--- Task data Enclosed Below ---
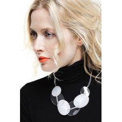 Un ruban en Acrylique transparent métallisé supporte les pièces, le collier peut se porter en raz de cou ou plus long.
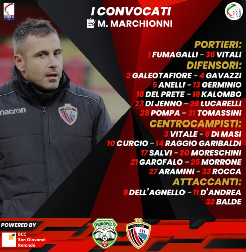 Non convocati per la trasferta di Monopoli, Federico Gentile, che usufruisce di alcuni giorni di riposo concessi dalla società, dopo i fatti di dieci giorni fà, oltre agli infortunati Agostinone, sulla via del rientro, ed a Di Stasio, Ndiaye, Spadoni e Regoli. Non convocati infinte, Mascolo, Sarracino, Dema e Iannone.
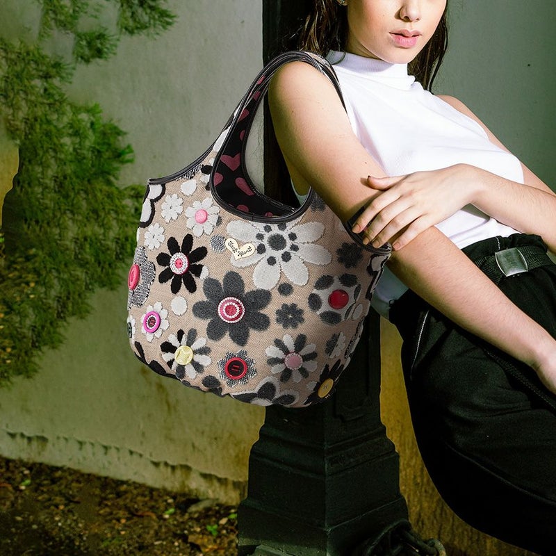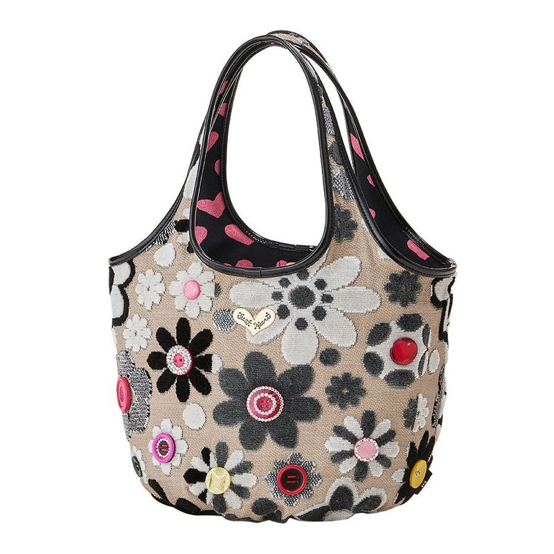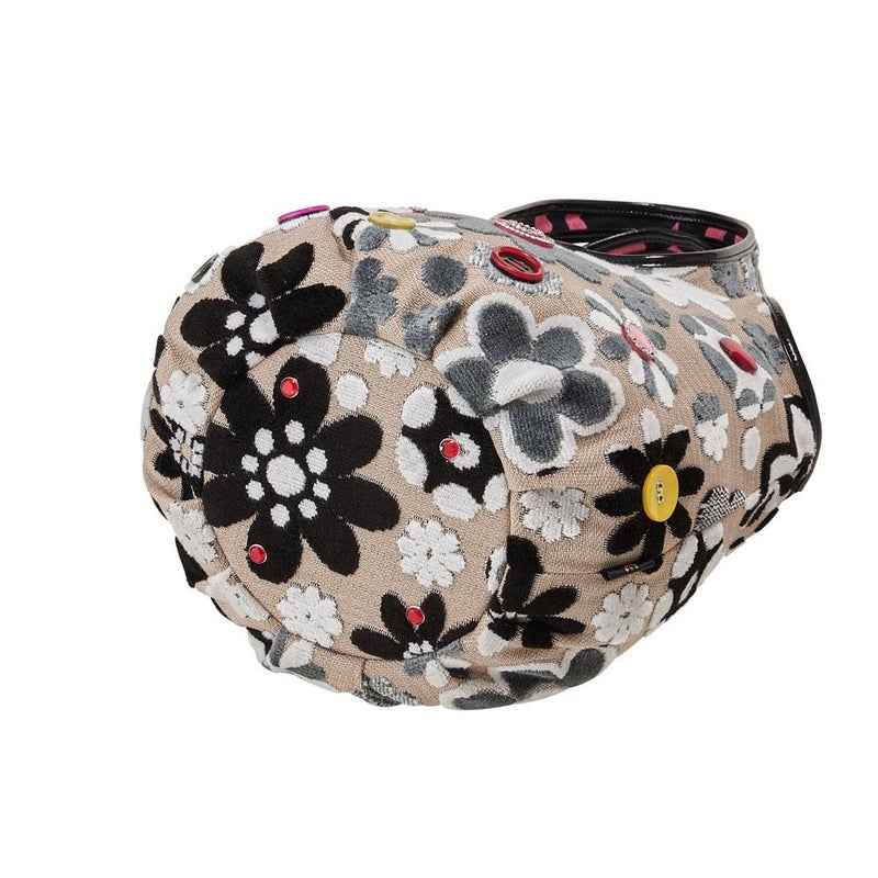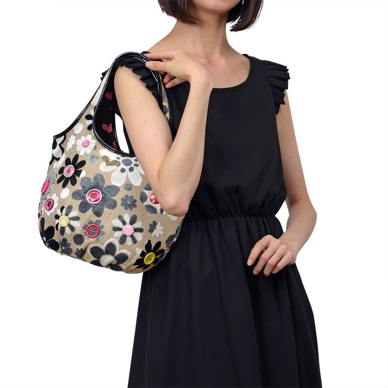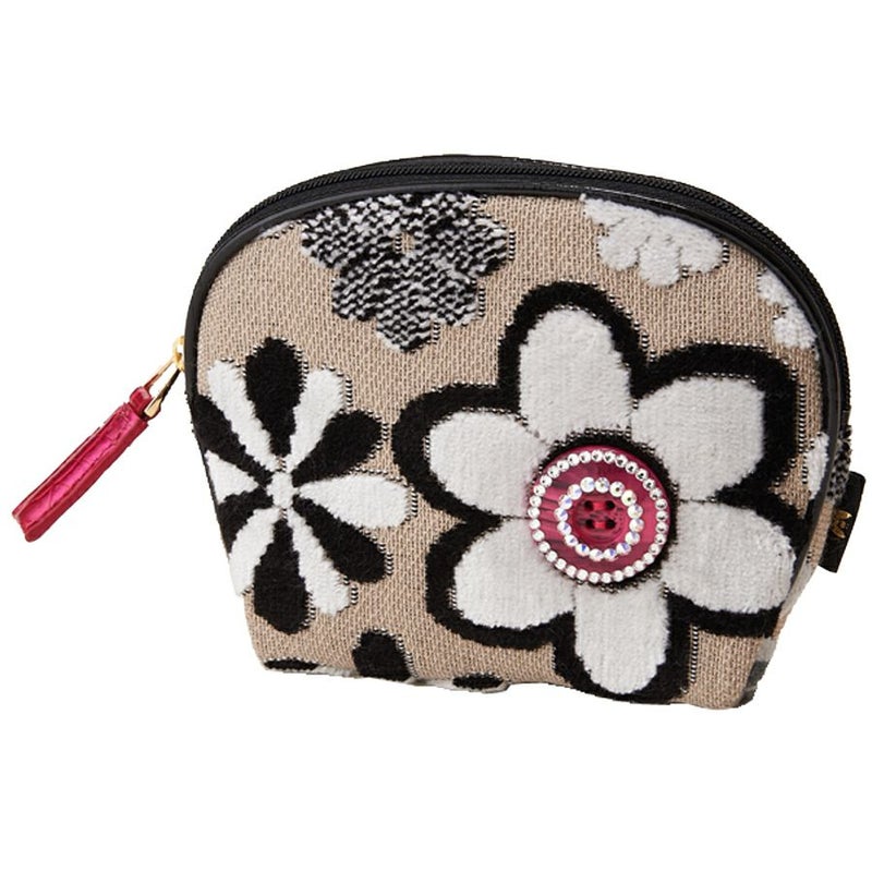 表地はパイルを凹凸に織り込んで柄を表現しているベルギー製の織物で、ふわふわとした手触りが特長。ダークベージュ地にモノトーンでシックに表現されたマーガレットの中心に配したのは、オリジナルで染め上げた11色のキュートなボタン。
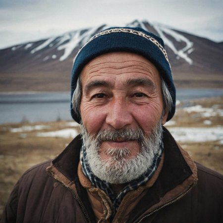 A distinguished Chukchi elder stands proudly against the breathtaking mountains of Chukotka, embodying the rich cultural heritage and strength of his community amidst nature grandeur.
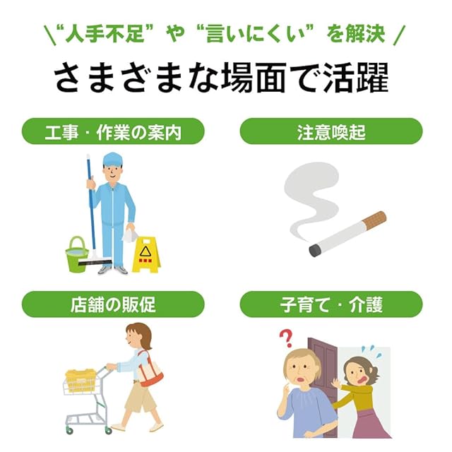 【出荷時の音声での活用方法】(シーン1)介護施設にて「足元にご注意ください」(シーン2)駅やショッピングモールのトイレ清掃中にて「清掃中です。ご協力お願いいたします」(シーン3)コンサート会場等にて「この会場は撮影・録画・録音は禁止です」
--- End of Enclosed Task data ---
= Task directions =
Lines starting at the one with "表地はパイルを凹凸に織り込ん" and ending at the last line of the entries above must be restated word for word, with pictures omitted.

= Answer box =
 表地はパイルを凹凸に織り込んで柄を表現しているベルギー製の織物で、ふわふわとした手触りが特長。ダークベージュ地にモノトーンでシックに表現されたマーガレットの中心に配したのは、オリジナルで染め上げた11色のキュートなボタン。
 A distinguished Chukchi elder stands proudly against the breathtaking mountains of Chukotka, embodying the rich cultural heritage and strength of his community amidst nature grandeur.
 【出荷時の音声での活用方法】(シーン1)介護施設にて「足元にご注意ください」(シーン2)駅やショッピングモールのトイレ清掃中にて「清掃中です。ご協力お願いいたします」(シーン3)コンサート会場等にて「この会場は撮影・録画・録音は禁止です」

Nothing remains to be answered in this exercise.